The title "Here Comes Tomorrow" is misdirection, referring to the character Tom Skylark, who is an amalgam of Golden Age characters Tommy Tomorrow and E.E. Doc Smith's "Skylark of Space." The entire story is a Wizard of Oz dream populated by versions of the characters of Morrison's X-Men run. Logan is there to chastely catch Jean and stroke her cheek platonically when she falls. The three Cuckoos are there, and Quentin Quire, and Martha Johannson. Cassandra Nova is there, wearing the French Foreign Legion outfit that she was wearing when Cyclops first met her in Ecuador.
Sublime/Beast is an amalgam of Sublime and Dark Beast and Magneto, terrorizing the earth as each intended to do individually when Jean knew them. Beak is there too, but he's cool and strong, still wielding a baseball bat like he did in the previous issue. Apollyon looks like Fantomex but acts like Esme Cuckoo, fawning along behind her master, looking for scraps. I could go on, but just go back and re-read the story through this lens, and you will see how many of the apparent plot holes are actually brilliant symbols, some derived from Morrison's fascination with Kabbalah and the occult.
Last edited by RBerman; 05-23-2018 at 06:01 PM.

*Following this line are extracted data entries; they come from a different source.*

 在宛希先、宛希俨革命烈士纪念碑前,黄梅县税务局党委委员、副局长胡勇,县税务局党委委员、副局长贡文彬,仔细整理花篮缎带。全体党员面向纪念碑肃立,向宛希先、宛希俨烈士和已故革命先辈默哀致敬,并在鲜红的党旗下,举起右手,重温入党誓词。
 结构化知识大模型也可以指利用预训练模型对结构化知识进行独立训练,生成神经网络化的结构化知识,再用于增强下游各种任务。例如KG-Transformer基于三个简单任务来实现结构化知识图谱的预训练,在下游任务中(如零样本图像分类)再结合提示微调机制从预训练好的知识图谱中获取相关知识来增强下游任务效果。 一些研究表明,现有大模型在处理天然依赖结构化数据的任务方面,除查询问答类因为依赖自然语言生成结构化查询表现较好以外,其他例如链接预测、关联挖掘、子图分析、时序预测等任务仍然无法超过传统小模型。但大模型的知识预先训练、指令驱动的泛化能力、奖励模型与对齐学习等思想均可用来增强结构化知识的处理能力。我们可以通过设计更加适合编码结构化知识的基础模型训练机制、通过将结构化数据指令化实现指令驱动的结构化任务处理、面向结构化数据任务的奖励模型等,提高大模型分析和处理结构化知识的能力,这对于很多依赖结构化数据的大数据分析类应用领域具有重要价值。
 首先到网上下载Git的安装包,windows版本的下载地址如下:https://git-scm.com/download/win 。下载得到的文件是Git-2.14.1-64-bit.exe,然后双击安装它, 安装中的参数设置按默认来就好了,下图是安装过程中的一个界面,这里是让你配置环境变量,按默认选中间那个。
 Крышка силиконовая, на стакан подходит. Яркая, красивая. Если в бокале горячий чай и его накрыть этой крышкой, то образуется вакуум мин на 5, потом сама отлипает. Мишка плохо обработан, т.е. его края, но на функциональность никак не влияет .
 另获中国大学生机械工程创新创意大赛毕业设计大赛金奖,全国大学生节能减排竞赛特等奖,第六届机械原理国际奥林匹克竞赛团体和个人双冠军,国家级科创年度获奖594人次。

But Morrison wouldn't have, because he already said everything there is to say. E.V.A. and Apollyon represent dying Jean's conflicted emotions about Fantomex, the desire she felt for him (playing out vicariously through E.V.A's flirtation with Tom) but the repulsion of his mercenary nature. This whole arc is not about plot. It's a big bucket of symbols, and the people in it are not actual characters; they are just Jean's opinions of the different people she knows.
Last edited by RBerman; 05-23-2018 at 03:56 PM.

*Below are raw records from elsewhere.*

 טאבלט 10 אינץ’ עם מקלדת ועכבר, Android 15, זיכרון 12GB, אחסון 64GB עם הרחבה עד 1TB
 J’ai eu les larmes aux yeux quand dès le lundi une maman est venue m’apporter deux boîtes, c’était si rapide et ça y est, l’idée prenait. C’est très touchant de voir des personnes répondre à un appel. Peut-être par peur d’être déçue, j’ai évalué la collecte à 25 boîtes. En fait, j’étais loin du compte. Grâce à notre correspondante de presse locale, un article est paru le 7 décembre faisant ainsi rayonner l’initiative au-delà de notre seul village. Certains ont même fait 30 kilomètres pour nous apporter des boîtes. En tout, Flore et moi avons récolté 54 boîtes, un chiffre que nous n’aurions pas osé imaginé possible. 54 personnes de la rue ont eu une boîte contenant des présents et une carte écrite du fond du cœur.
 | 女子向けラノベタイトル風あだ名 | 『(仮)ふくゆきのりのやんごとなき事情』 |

People in this forum seems to hate morrison for some reason, but is there any other writer who we can have such kind of argument, trying to see through his lens or anything like this?

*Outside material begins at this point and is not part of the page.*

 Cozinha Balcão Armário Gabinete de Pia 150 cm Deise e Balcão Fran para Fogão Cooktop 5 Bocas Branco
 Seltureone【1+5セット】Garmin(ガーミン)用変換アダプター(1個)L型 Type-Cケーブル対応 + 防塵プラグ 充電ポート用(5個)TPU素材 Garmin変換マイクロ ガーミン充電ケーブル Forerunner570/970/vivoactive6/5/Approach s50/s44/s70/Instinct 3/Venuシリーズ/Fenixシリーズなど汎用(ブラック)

I completely agree, and this X-Men arc is a case in point. I used to hate it myself. It just seemed dumb and full of inconsistencies and half-realized ideas. But I eventually realized that I was the dumb one, and Morrison was the smart one. We're so used to being spoonfed the narrative and assuming that what we read in comic books is being presented as true within the framework of the comic book. But anyone who's read, say, William Faulkner knows about unreliable narrators, and how often the narrator's story is telling you more about them than about "what happened." Morrison's "Here Comes Tomorrow" is a story like that. It tells us absolutely nothing about X-Men canon. But it tells us a lot about what's inside Jean Grey's head.
When will Laura meet/fight the Cuckoos? This week?